There are two motions to keep track of: our progress through the text p being scanned, and our progress through the trie which tells us how to scan it.

We scan the text either forwards or backwards, starting with the first or last character and then working through, finishing with a 0 terminator. (This is true even if working backwards: we pretend the character stored before the text began is 0.) i represents the index of our current position in p, and runs either from 0 up to N or from N-1 down to -1, where N is the number of characters in p.

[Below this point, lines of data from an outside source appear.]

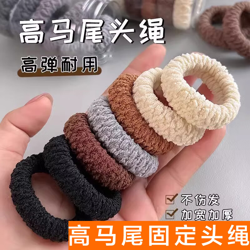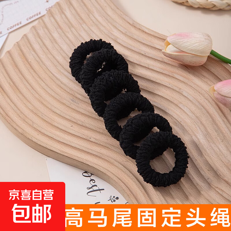 发圈高弹力耐用发绳高马尾固定头绳皮套发饰加厚加宽扎头发橡皮筋 高马尾发绳-黑色-6根-1包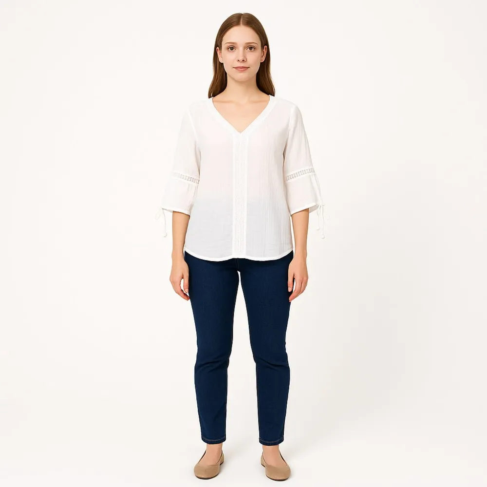 Женская белая майка на тонких бретелях, без указания бренда. Подойдёт для дома и сна, а также как базовый слой под рубашку или кардиган. Лёгкая и занимает минимум места, удобно брать в поездки.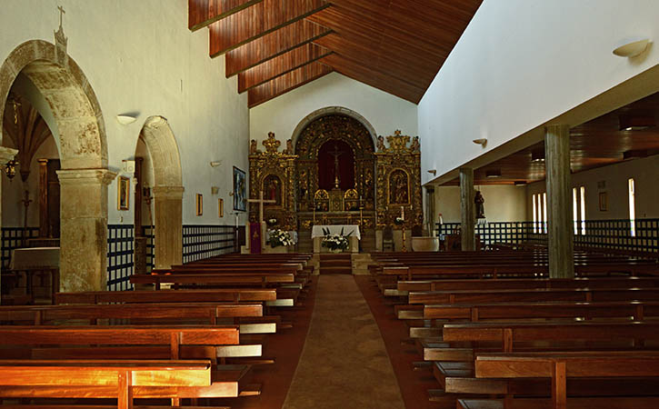 O interior antes da ultima alteração era de uma só nave, coberta por tecto de madeira, possui seis altares, o retábulo do altar-mor e os dos altares laterais ostentam talha dourada do início do século XVIII. Na capela lateral do lado da Etola, dedicada a Nossa Senhora do Rosário reconstruída em 1873, está colocado um retábulo de época posterior que enquadra telas secundárias.

We scan the trie using a pair of pointers. prev is the last node we successfully left, and pos is one we are currently at, which can be either a terminal node or a choice node (in which case it's the head of a linked list of such nodes).

define MAX_TRIE_REWIND 10  that should be far, far more rewinding than necessary
inchar32_t *Tries::search(match_trie *T, text_stream *p, inchar32_t *add_outcome) {
    if (T == NULL) internal_error("no trie to search");

    int start, endpoint, delta;
    Look at the root node of the trie, setting up the scan accordingly2.1;

    match_trie *prev = NULL, *pos = T;
    Accept the current node of the trie2.4;

    int rewind_sp = 0;
    int rewind_points[MAX_TRIE_REWIND];
    match_trie *rewind_positions[MAX_TRIE_REWIND];
    match_trie *rewind_prev_positions[MAX_TRIE_REWIND];

    for (int i = start; i != endpoint+delta; i += delta) {
        inchar32_t group[MAX_TRIE_GROUP_SIZE+1];
        int g = 0;  size of group
        inchar32_t c = (i<0)?0:(Str::get_at(p, i));  i.e., zero at the two ends of the text
        if ((c >= 0x20) && (c <= 0x7f)) c = Characters::tolower(c);  normalise it within ASCII
        if (c == 0x20) { c = 0; i = endpoint - delta; }  force any space to be equivalent to the final 0
        if (add_outcome) {
            inchar32_t pairc = 0;
            if (c == '<') pairc = '>';
            if (c == '>') pairc = '<';
            if (pairc) {
                int j;
                for (j = i+delta; j != endpoint; j += delta) {
                    inchar32_t ch = (j<0)?0:(Str::get_at(p, j));
                    if (ch == pairc) break;
                    if (g > MAX_TRIE_GROUP_SIZE) { g = 0; break; }
                    group[g++] = ch;
                }
                group[g] = 0;
                if (g > 0) i = j;
            }
        }
        if (c == '*') endpoint -= delta;

        RewindHere:
        Look through the possible exits from this position and move on if any match2.2;
        if (add_outcome == NULL) {
            if (rewind_sp > 0) {
                i = rewind_points[rewind_sp-1];
                pos = rewind_positions[rewind_sp-1];
                prev = rewind_prev_positions[rewind_sp-1];
                rewind_sp--;
                goto RewindHere;
            }
            return NULL;  failure!
        }
        We have run out of trie and must create a new exit to continue2.3;
    }
    if ((pos) && (pos->match_character == TRIE_ANYTHING)) Accept the current node of the trie2.4;
    if ((pos) && (pos->match_outcome)) return pos->match_outcome;  success!
    if (add_outcome == NULL) return NULL;  failure!

    if (pos == NULL)
        We failed by running out of trie, so we must add a terminal node to make this string acceptable2.5
    else
        We failed by finishing at a non-terminal node, so we must add an outcome2.6;
}

§2.1. Look at the root node of the trie, setting up the scan accordingly2.1 =

    start = 0; endpoint = Str::len(p); delta = 1;
    if (T->match_character == TRIE_END) { start = Str::len(p)-1; endpoint = -1; delta = -1; }

§2.2. In general trie searches can be made more efficient if the trie is shuffled so that the most recently matched exit in the list if moved to the top, as this tends to make commonly used exits migrate upwards and rarities downwards. But we aren't going to search these tries anything like intensively enough to make it worth the trouble.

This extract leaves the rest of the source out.